- _MATERIAL PROVIDED_
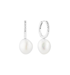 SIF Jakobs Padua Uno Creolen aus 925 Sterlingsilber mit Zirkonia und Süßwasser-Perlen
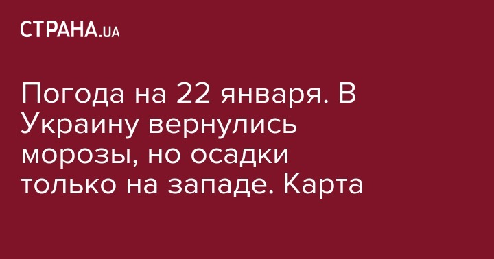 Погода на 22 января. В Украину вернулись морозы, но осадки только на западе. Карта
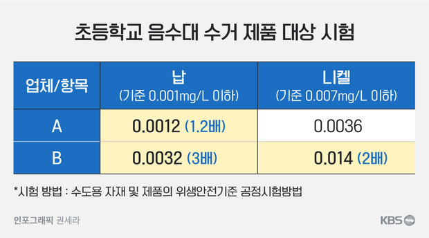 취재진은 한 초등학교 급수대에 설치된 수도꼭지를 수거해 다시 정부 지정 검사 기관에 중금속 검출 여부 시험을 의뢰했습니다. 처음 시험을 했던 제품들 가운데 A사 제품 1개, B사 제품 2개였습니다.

- _EXERCISE REQUIREMENTS_
All of the lines above should be printed exactly, minus the pictures.

- _REPLY TO THE TASK_
 SIF Jakobs Padua Uno Creolen aus 925 Sterlingsilber mit Zirkonia und Süßwasser-Perlen
 Погода на 22 января. В Украину вернулись морозы, но осадки только на западе. Карта
 취재진은 한 초등학교 급수대에 설치된 수도꼭지를 수거해 다시 정부 지정 검사 기관에 중금속 검출 여부 시험을 의뢰했습니다. 처음 시험을 했던 제품들 가운데 A사 제품 1개, B사 제품 2개였습니다.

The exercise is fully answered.